I am a Betta freak or geak or whatever. I really like most of you and plan on showing up more.
In the mean time (yes I want something) does any one know where to find clean red CTs, Im not quit the computer person so I dont really no how to go about finding them or if the breeder that I do find is worth it.
Any way look forward to talking to you all.


----------



## Matt201985 (Dec 27, 2005)

www.aquabid.com. they always have CT's.


----------



## Alisha (Aug 5, 2005)

Yeah-I would have to go with www.aquabid.com and sometimes my local petco has them as well. So you might want to try checking they're; But if your looking for higher quality Ct's, aquabid is the place.


----------



## aaa (Jan 19, 2005)

the ct at petco are not really bad quality to my surprise. i saw a turquoise in there with no red wash at all.


----------



## Taurin129 (Feb 12, 2005)

Thanks, I have looked at Aqua Bid nice fish for sure in most cases I just really want the whole know the breeder experiance.

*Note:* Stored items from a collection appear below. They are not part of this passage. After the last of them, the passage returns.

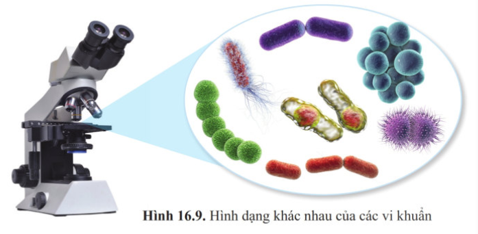 Quan sát hình 16.9 và nêu các hình dạng khác nhau của vi khuẩn.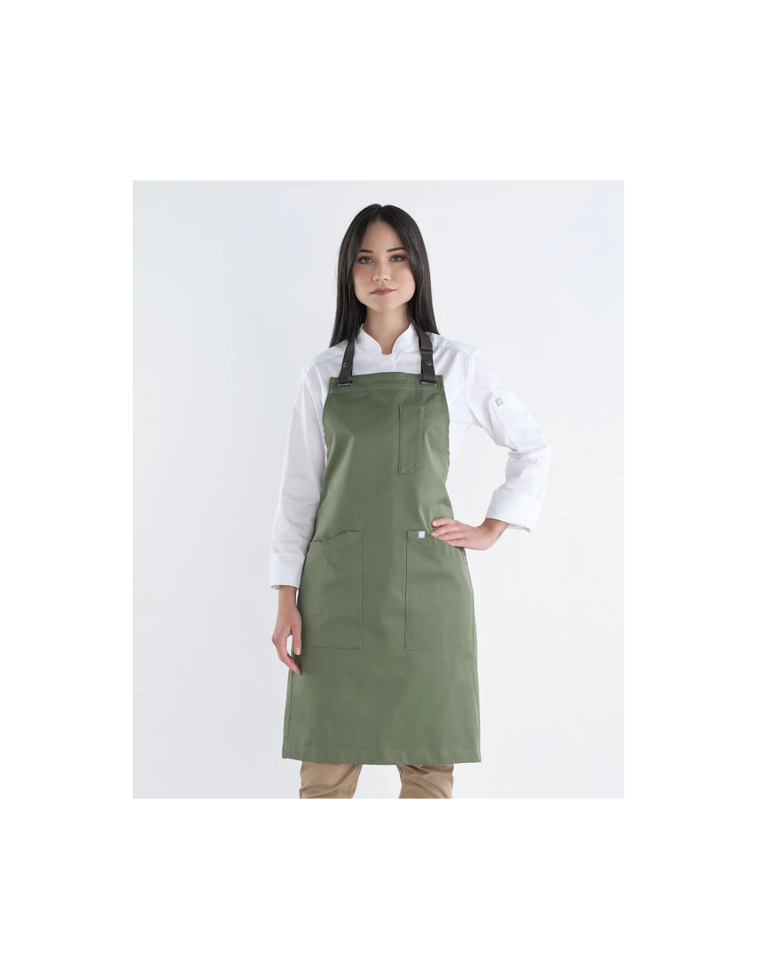 Delantal modelo Boulevard con peto y tira añadida de piel.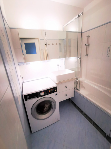- Łazienka z wanną przystosowaną do brania prysznicu, umywalką i pralką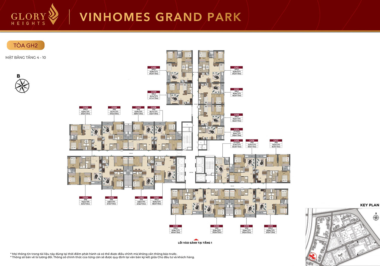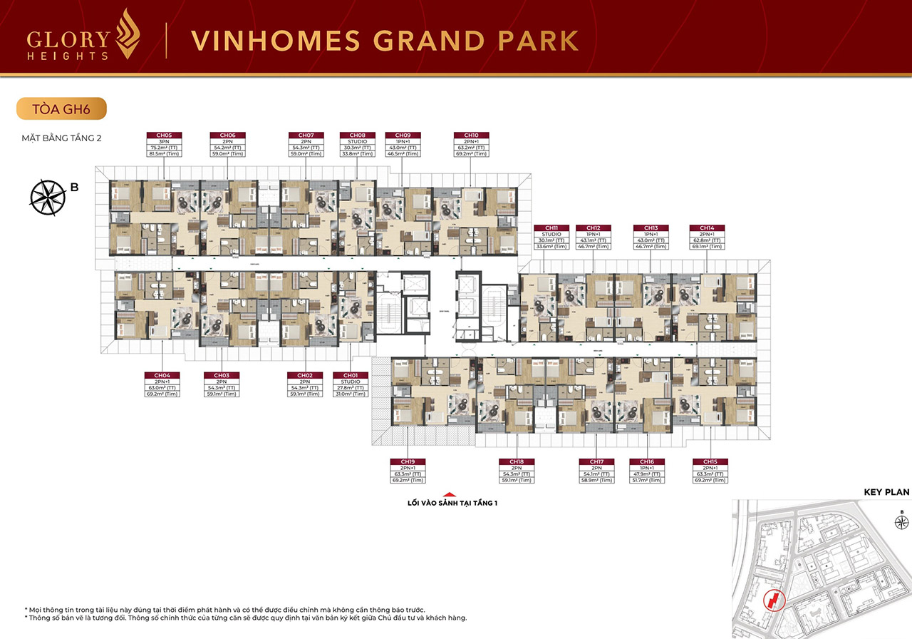 Vị trí tòa GH6 nằm ngay cạnh TTTM Vincom Megamall và quảng trường Golden Eagle. Tại toà tháp có thể bố trí các căn hộ với số lượng như sau: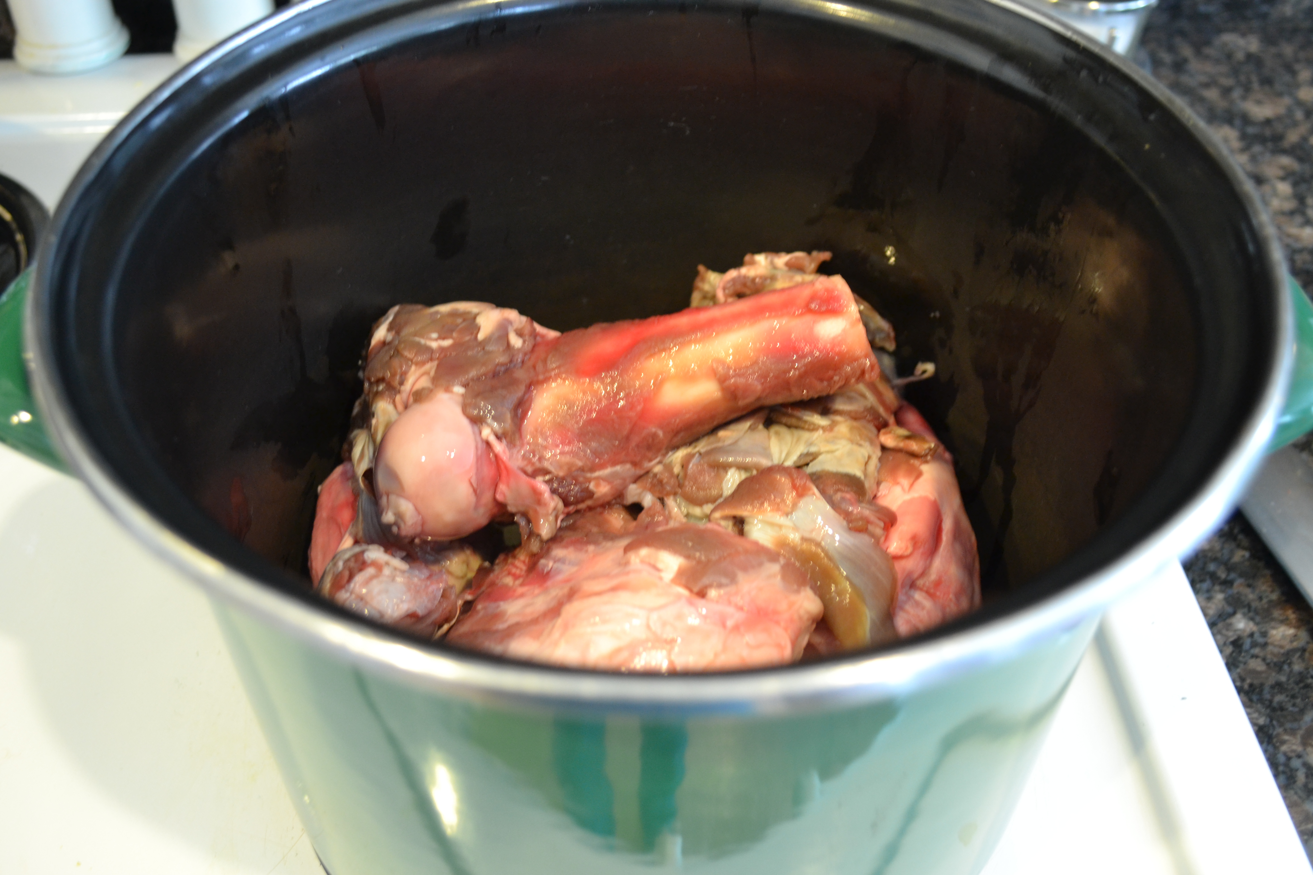 I’m not sure why it took so long for me to start making my own stock. There’s no denying that it enhances the flavor of many dishes and can’t be beat in soups and stews. I’ve made chicken and turkey stock for years but I simply never made the leap of faith to use the meaty bones of venison and nilgai to create my own integral basis for so many recipes. It’s actually right up my alley. No waste! Use all usable parts! Feed my family with the healthiest possible foods! Be cheap! Boxed stocks cost $2 a box or more and I go through quite a bit in my cooking.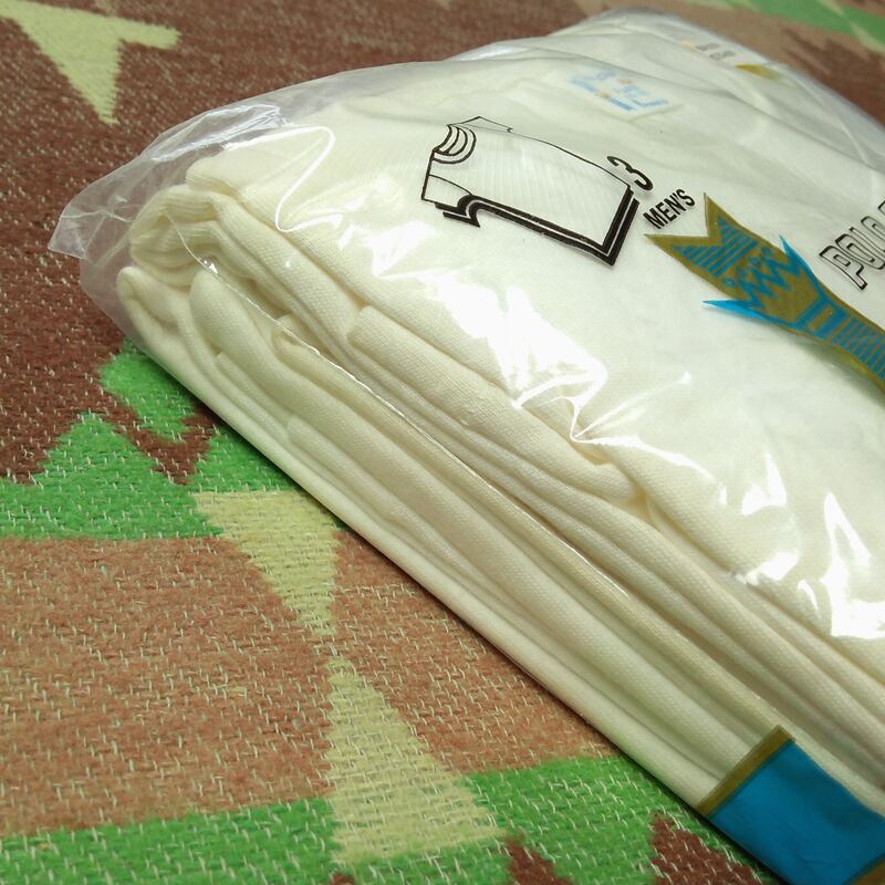 ※未開封のためシミ汚れなど確認することができません。見える範囲で若干の黄ばみ汚れがあります。白は洗濯・漂白によりきれいになりますので問題ないとは思いますが、数十年を経過したアメリカ製・デッドストックをご理解いただける方のみご検討ください。

Its easier to track leniage etc etc 
Thanks again


----------



## Imbrium (Feb 7, 2005)

Most people selling on aquabid are the breeders. If you ask them for the fishes lineage I'm sure they'd help you out.


----------



## ron v (Feb 24, 2005)

I'm not into betta's, but I've been thinking about it. LOL. I've checked out aquabid and it seems that most of the betta sellers are from the far east. Probably, just fine, but I'm a little hesitant. There are good sources stateside. IBC, etc. Simpte and others here could help with that.


----------



## BlueMaxx (Jan 10, 2006)

My LSF petco can order for me if I want.
I think they get CT's every 2 weeks or so liek the Splendens. i asked the girl there if they cad Cory's and that is when she said i can place an order for you if you like. I was blowna way.


----------



## Taurin129 (Feb 12, 2005)

Cool, thanks again all of you.
I saw a few good fish, Was just getting ready to order a little freaky killer DDRCT and thought "How do I know this thing will get here, Or If these people know how to pack them"
Still looking


----------